Перед самым выходом в свет этого номера "Освобождения" Плеве был убит. Растерявшаяся власть, после некоторого колебания, решила пойти на уступки. Но я считал шансы возможного тогда компромисса слишком слабыми и заранее обреченными на неудачу. И в ответ на назначение преемником Плеве "либерального", кн. Святополк-Мирского я опять предупреждал наших единомышленников в "Освобождении"
(№ 57) против излишнего доверия по отношению к "новому курсу". "Наш неисправимый оптимизм, - писал я, - опять поднимет голову.

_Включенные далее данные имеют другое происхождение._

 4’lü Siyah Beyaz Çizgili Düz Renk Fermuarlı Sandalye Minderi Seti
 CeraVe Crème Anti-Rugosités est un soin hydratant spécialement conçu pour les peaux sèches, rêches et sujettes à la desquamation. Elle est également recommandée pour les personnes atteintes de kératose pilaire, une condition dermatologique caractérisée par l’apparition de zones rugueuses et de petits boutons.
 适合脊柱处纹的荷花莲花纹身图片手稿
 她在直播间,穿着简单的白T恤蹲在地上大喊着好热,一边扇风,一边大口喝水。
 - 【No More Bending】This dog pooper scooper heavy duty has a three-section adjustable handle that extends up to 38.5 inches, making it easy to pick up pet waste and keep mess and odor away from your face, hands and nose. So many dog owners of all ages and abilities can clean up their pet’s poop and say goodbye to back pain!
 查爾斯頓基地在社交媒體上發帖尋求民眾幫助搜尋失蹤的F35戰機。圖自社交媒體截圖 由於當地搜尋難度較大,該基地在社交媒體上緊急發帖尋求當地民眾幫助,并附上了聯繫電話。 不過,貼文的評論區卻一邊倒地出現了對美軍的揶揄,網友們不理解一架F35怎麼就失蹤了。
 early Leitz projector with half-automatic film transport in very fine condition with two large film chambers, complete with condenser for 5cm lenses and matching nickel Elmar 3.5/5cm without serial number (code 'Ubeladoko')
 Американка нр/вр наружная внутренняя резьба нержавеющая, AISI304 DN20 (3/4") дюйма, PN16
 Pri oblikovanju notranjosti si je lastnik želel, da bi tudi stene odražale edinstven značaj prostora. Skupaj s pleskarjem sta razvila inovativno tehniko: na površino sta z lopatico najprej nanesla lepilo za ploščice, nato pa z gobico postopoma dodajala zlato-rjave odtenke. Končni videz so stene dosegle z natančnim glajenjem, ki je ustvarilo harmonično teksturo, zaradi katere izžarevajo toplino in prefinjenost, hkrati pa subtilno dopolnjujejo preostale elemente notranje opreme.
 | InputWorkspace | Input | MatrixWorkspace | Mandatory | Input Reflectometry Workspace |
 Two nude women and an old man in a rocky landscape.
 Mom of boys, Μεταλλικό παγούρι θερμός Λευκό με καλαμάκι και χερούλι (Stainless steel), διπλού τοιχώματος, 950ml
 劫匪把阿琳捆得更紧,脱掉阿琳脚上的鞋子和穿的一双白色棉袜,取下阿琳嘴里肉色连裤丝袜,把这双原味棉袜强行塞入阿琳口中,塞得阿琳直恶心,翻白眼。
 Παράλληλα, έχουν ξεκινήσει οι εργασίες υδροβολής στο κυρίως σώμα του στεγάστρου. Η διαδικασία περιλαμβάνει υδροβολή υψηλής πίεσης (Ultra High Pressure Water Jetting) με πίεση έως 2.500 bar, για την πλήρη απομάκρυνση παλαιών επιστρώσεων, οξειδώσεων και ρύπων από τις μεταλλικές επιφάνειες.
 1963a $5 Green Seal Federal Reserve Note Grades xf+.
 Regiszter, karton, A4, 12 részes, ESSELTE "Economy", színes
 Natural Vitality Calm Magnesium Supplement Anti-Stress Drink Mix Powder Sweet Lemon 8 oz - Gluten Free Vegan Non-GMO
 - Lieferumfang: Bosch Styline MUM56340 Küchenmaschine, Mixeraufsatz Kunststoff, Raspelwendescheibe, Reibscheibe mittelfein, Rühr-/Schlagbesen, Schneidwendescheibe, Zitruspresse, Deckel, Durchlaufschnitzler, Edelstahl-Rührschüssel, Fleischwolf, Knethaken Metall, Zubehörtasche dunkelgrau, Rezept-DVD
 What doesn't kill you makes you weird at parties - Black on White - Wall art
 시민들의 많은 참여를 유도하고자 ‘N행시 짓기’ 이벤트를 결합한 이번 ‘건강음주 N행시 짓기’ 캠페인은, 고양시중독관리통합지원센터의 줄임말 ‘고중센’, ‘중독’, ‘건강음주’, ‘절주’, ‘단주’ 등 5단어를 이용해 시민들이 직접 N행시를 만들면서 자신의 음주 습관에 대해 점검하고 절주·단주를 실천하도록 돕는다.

Опять будут раздаваться голоса об осторожности и постепенности, о том, чтобы не испортить настроения в правительственных сферах, не пропустить момента и т. д." Я напоминал, что "между самодержавием и последовательным конституционализмом нет промежуточной позиции". "Мы не можем уже давать в кредит, - предупреждал я, - потому что мы сами лишимся кредита, если позволим себе это". "Вы (правительство) можете переманить кого-нибудь из нас на вашу сторону, но... он уже перестанет быть нашим - и, стало быть, перестанет быть нужен и нам, и вам..." Словом, я не верил, чтобы Святополк-Мирский мог открыть обществу простор для "легальной борьбы, защищаемой парламентскими средствами". И, тем не менее, я все же не покидал совершенно промежуточной позиции, указывая в той же статье на ее возможное содержание. По адресу правительства я говорил: "надо искать такой укрепленной позиции, которую можно защищать не штыками и виселицей, а силой организованного общественного мнения,... где общественные группы могут найти достаточно места, чтобы стоять рядом, а не друг против друга, где люди могут бороться открыто, не опасаясь насилия над собой - и не вынуждаемые сами к такому же насильственному отпору". Но была ли такая позиция возможна?